The jury was persuaded. Six of the soldiers were acquitted. Two were found guilty of manslaughter and punished by having their thumbs branded.
Several years later, John Adams wrote in his diary that his defense of those British soldiers was “one of the best Pieces of Service I ever rendered my Country.”
“Facts are stubborn things” became one of Adams’ best known and oft-cited quotes. However, contrary to what I once thought, he didn’t coin that line.
As noted by quote mavens Garson O’Toole on his Quote Investigator site and Dr. Mardy Grothe in his Dictionary of Metaphorical Quotations, it was already a saying in England and America and dates back to at least the early 1700s.
Two centuries later, President Ronald Reagan uttered the most famous modern use and perceived “misuse” of that quote.
It came in his speech at the Republican National Convention in New Orleans, Louisiana on August 15, 1988.
Reagan was there to speak in support of the current Republican presidential candidate, his Vice President George H.W. Bush, who was running against Democrat Michael Dukakis.
In the speech, Reagan recounted what he viewed as the successes of his administration and the reasons why he felt voters should elect another Republican as president.
Reagan repeated John Adam’s facts quote several times in the address. It was a rhetorical device he used in the part that focused on the economic problems he blamed on his Democratic predecessor, President Jimmy Carter.
“Before we came to Washington,” Reagan said, “Americans had just suffered the two worst back-to-back years of inflation in 60 years. Those are the facts, and as John Adams said, ‘Facts are stubborn things.’ Interest rates had jumped to over 21 percent…Facts are stubborn things…The median family income fell 51/2 percent. Facts are stubborn things.”
Then he made what became one of his most-cited gaffes, saying:
“Fuel costs jumped through the atmosphere, more than doubling. Then people waited in gas lines as well as unemployment lines. Facts are stupid things.”

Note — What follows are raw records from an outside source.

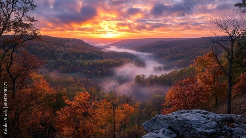 © Ben, Fototapeta premium Breathtaking Fall Landscape Captured in Digital Photography, Showcasing Rich Colors and Light Mist for an Epic Autumn Experience.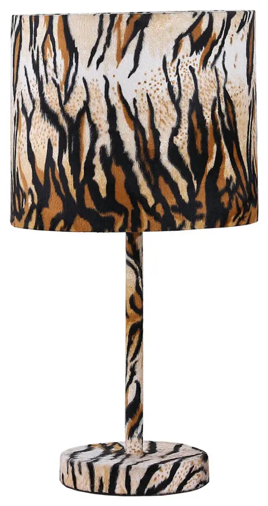 An edgy and classy looking table lamp is always desired by everyone. This table lamp is wrapped in faux suede fabric upholstery which carefully depicts the animal print pattern. Resting atop round shaped base, it has circular drum shade which completes the look and also makes it enticing.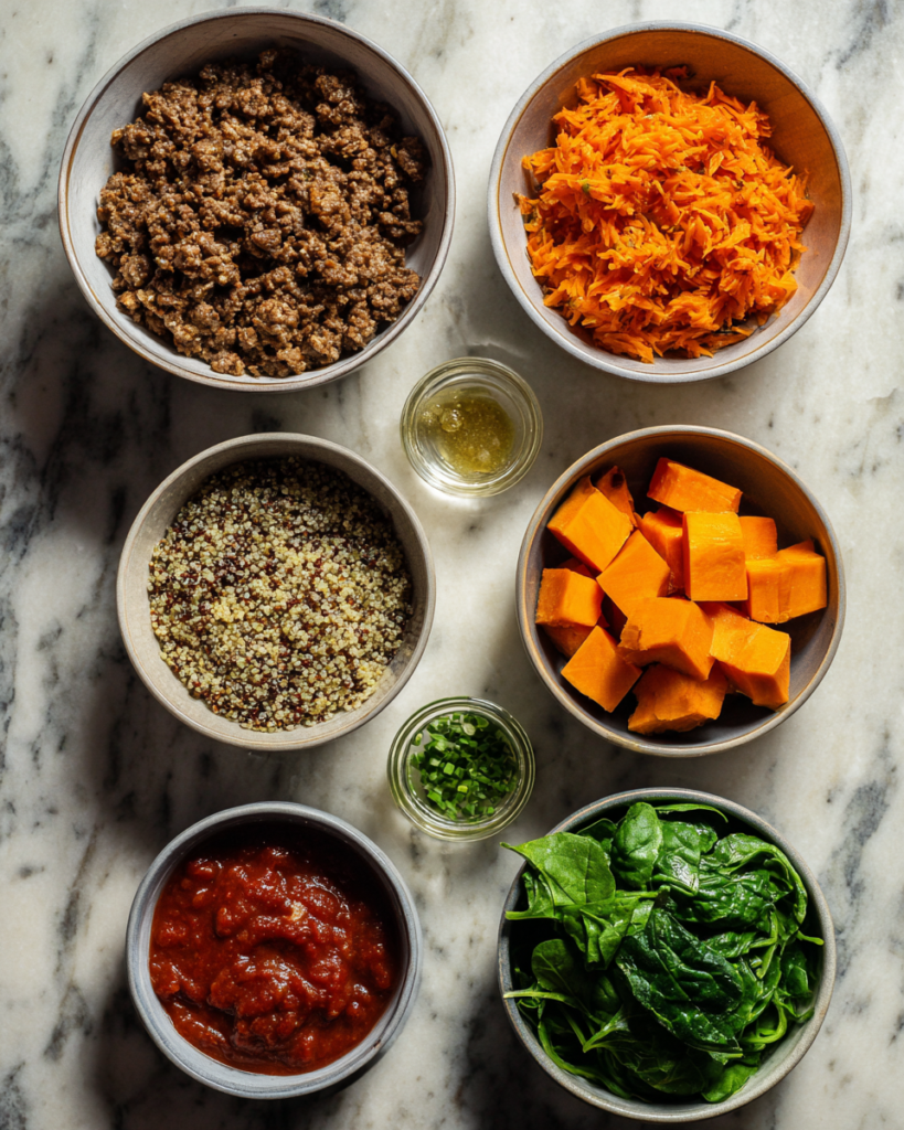 The foundation of Meal Prep Ground Beef Power Bowls begins with quality ground beef, which provides protein, flavor, and a satisfying texture. Choosing lean ground beef helps reduce excess grease while still delivering richness. Seasonings such as garlic, onion, paprika, and cumin bring depth and warmth, transforming the beef into a savory centerpiece.

Reagan immediately corrected himself, adding: “Stubborn things, I should say.” But once the word stupid came out of his mouth, that’s the version that was picked up and cited by his critics.
Today, thousands of websites quote Reagan as saying “Facts are stupid things” as if it were somehow a significant quote — without noting that it came from a speech in which he said “stubborn things” several other times and quickly corrected his brief slip of the tongue.
Of course, thousands of others note that Reagan said “Facts are stubborn things” — without mentioning that he was quoting John Adams, thus creating the impression that Reagan coined the line.
When it comes to quotations on the Internet—and to politics—facts are often slippery things.